In this paper a decentralized infrastructure for extensional SPARQL query evaluation based on terminological components of the query has been presented. Following the essential principles for Web of Data we have proposed extensions to OWL ontology annotations, a service-oriented architecture and protocol for RDF data sources discovery, which determines query rewriting procedure and distributed execution. Certain optimization issues and a selection of improvements have been discussed. The proof-of-concept implementation has enabled an initial evaluation of the infrastructure’s feasibility. The preliminary results have been presented including a validation example of added value gained for real world query and data sources as well as performance metrics showing linear growth of execution time w.r.t. datasets size.

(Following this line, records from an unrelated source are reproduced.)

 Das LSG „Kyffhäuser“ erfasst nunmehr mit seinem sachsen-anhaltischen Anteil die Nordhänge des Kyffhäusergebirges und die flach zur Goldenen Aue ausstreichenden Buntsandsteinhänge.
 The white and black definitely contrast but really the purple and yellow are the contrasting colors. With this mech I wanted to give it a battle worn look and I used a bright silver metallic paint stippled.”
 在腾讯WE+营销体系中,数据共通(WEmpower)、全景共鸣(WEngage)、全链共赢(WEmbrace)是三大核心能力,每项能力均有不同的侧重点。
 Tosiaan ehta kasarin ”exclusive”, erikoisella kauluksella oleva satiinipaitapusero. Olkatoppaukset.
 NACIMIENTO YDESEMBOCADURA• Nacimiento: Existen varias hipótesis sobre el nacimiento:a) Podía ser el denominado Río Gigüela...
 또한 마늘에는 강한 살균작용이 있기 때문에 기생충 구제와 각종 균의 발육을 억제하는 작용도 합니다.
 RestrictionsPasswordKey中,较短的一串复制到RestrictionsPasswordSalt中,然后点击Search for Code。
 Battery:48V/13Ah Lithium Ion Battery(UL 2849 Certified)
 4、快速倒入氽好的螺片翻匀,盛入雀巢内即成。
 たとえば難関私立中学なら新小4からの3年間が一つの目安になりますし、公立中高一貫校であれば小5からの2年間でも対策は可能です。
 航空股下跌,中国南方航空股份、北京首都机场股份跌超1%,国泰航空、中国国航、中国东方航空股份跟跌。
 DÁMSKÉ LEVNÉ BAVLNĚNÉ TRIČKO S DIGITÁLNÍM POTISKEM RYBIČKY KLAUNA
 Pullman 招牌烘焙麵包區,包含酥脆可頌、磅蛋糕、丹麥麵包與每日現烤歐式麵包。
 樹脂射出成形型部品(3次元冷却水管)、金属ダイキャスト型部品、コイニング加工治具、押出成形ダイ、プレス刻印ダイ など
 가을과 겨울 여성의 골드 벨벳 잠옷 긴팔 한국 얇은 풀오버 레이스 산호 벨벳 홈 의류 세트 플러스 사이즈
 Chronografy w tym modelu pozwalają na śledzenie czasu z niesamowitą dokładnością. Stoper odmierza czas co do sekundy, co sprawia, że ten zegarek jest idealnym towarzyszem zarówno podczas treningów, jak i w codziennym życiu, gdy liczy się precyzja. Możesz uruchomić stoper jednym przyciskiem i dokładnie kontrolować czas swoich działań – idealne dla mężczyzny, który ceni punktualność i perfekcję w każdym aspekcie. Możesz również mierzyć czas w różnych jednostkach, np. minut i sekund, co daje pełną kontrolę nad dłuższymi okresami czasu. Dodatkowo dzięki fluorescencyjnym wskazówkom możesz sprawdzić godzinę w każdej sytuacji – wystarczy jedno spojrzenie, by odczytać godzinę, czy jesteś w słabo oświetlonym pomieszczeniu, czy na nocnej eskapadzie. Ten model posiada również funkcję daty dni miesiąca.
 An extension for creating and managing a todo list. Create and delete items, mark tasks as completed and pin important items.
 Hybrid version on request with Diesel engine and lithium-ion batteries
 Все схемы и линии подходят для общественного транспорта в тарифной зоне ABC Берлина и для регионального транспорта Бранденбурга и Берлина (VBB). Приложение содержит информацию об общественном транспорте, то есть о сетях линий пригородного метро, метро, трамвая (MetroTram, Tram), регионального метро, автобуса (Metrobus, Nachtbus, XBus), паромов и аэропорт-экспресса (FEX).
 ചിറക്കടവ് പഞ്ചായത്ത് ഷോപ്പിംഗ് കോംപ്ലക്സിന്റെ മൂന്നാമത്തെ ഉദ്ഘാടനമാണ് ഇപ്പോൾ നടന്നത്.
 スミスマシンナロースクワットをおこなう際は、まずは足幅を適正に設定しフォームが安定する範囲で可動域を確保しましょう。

Our future work will focus on such areas as results ranking and limitation. An efficient way to control the volume of intermediate results from triple patterns delegated to remote endpoints is crucial, particularly when low selectivity is observed. Means for more adequate selectivity measurement might be provided by indexing services. Moreover, additional metadata to express more complex characteristics of data available via an endpoint seems helpful, both for cut-off threshold assignment and results ranking strategy. Development of ranking criteria goes hand in hand with data chunking necessity. Another area of research is index creation and update, which is necessary whenever data source appears or ceases to be available. Likewise, when dataset content changes in terms of data volume or new vocabulary is used, index update is needful. The protocol extension for datasets registration, deregistration or update could follow the pattern known from DNS architecture. Linked data connections between RDF datasets enable updates based on Web crawling. Lastly, more expressive representation language for inter-ontology mappings remains a direction for future research. The ability to make use of equivalence between individual resources (OWL:sameAs) would further improve accuracy of the discovery process.